[Start of Attachment]
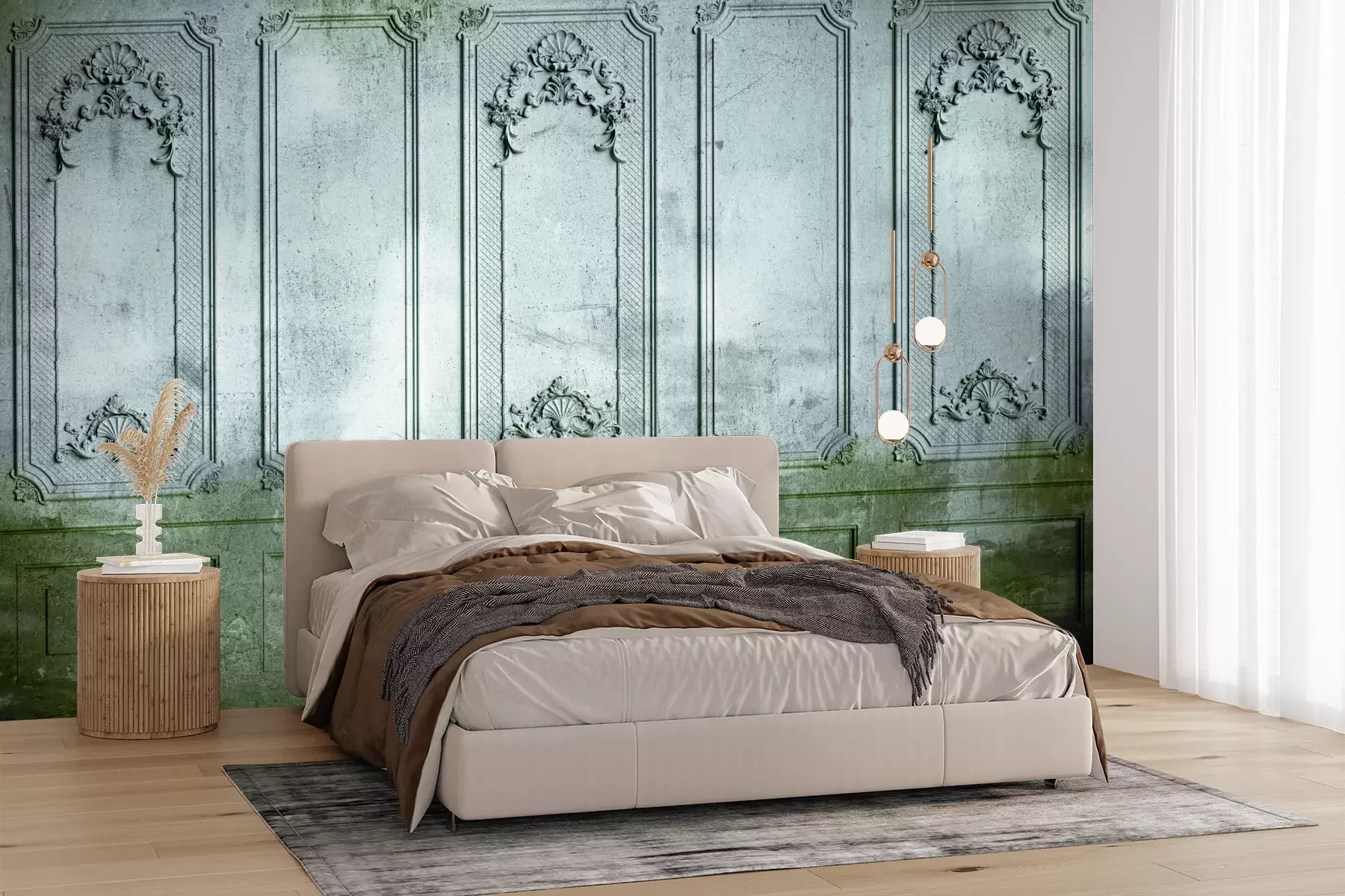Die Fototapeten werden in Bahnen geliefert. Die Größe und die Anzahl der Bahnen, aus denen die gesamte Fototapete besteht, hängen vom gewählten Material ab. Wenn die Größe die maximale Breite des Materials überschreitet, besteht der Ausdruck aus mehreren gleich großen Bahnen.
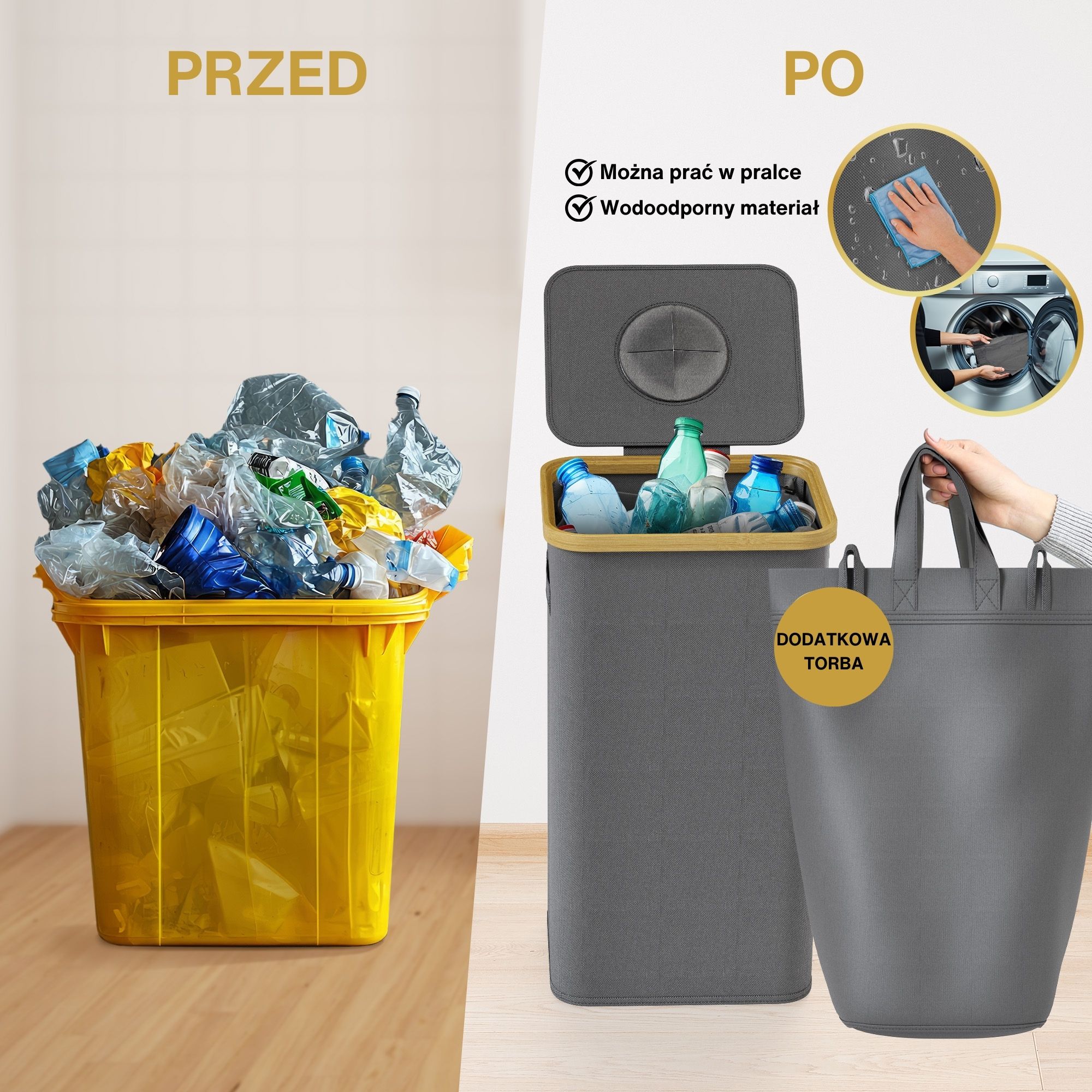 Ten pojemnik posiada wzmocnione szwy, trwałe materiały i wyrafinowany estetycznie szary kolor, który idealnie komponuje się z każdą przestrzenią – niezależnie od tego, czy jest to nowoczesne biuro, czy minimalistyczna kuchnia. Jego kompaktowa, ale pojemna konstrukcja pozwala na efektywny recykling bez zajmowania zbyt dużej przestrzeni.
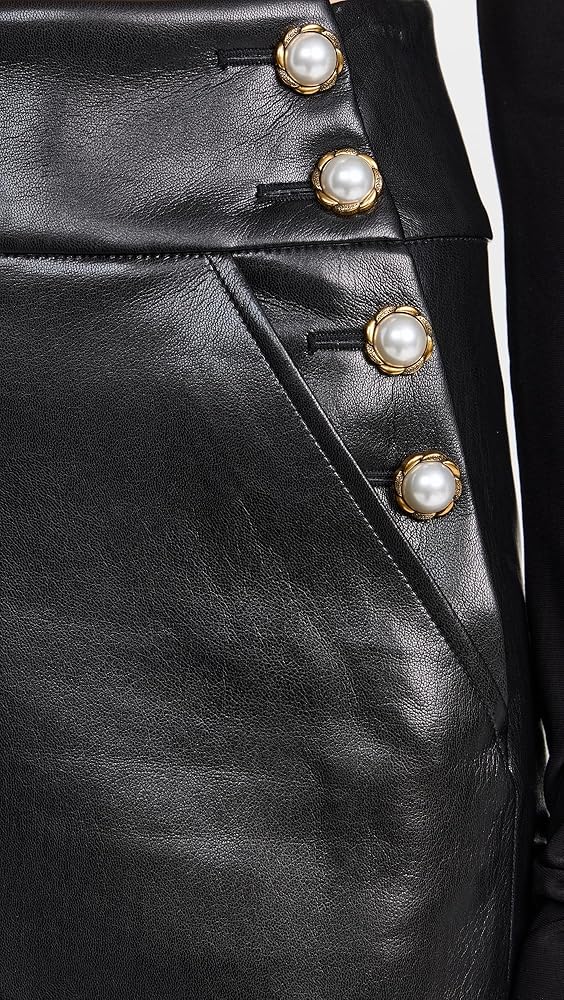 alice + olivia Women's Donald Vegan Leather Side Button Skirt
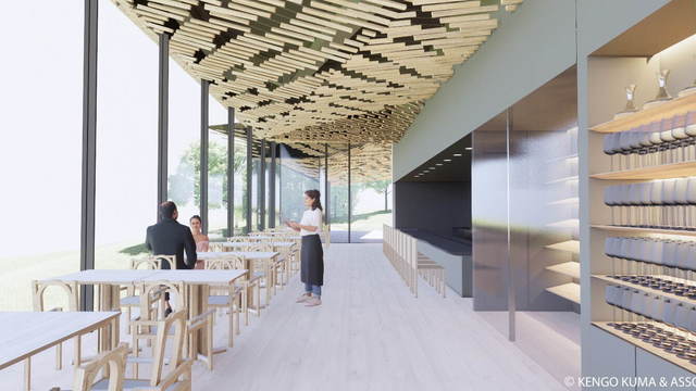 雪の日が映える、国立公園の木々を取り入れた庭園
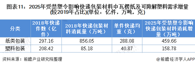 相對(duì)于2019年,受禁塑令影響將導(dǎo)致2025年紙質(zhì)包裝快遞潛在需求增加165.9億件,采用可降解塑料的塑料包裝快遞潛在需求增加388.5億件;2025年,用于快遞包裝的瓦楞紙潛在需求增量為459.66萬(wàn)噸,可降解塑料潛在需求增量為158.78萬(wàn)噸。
[End of Attachment]
[Start of Attachment]
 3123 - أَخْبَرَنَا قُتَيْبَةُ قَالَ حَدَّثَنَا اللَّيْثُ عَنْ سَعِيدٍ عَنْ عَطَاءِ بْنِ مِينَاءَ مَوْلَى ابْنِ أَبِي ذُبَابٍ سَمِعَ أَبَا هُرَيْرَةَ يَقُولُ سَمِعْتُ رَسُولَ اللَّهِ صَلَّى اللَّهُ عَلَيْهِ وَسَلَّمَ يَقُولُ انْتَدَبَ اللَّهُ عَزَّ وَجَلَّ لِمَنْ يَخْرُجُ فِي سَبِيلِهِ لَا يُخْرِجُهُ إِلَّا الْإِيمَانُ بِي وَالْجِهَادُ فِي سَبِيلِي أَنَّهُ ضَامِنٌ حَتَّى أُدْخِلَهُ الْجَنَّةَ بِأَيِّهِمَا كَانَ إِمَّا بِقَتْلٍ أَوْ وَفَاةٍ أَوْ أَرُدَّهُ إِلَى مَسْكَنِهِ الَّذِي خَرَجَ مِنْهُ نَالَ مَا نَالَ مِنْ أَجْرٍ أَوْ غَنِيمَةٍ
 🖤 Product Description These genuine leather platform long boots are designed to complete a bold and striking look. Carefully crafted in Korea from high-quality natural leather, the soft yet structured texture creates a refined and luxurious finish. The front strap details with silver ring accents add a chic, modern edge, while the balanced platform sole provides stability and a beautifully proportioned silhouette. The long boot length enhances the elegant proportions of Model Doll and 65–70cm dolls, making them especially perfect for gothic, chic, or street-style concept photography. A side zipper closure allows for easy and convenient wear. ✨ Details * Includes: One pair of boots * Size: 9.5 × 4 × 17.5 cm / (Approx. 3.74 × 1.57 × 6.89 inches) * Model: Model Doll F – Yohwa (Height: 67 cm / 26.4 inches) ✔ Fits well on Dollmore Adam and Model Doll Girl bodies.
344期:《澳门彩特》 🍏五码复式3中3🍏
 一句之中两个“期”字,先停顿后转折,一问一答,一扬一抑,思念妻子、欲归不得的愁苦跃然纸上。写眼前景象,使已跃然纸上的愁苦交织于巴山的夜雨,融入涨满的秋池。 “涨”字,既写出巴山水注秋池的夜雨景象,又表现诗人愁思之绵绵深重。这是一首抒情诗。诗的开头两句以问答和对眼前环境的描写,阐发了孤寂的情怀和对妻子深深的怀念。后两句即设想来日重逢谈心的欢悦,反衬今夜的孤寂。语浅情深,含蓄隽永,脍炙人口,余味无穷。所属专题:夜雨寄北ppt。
[End of Attachment]
DESCRIPTION OF THE TASK:
Using the material above, reproduce only the lines that run from the line with "雪の日が映える、国立公園の木々を取り入れた庭園" up to and including the line with "相對(duì)于2019年,受禁塑令影響", exactly, with the pictures dropped.

TASK RESULT:
 雪の日が映える、国立公園の木々を取り入れた庭園
 相對(duì)于2019年,受禁塑令影響將導(dǎo)致2025年紙質(zhì)包裝快遞潛在需求增加165.9億件,采用可降解塑料的塑料包裝快遞潛在需求增加388.5億件;2025年,用于快遞包裝的瓦楞紙潛在需求增量為459.66萬(wàn)噸,可降解塑料潛在需求增量為158.78萬(wàn)噸。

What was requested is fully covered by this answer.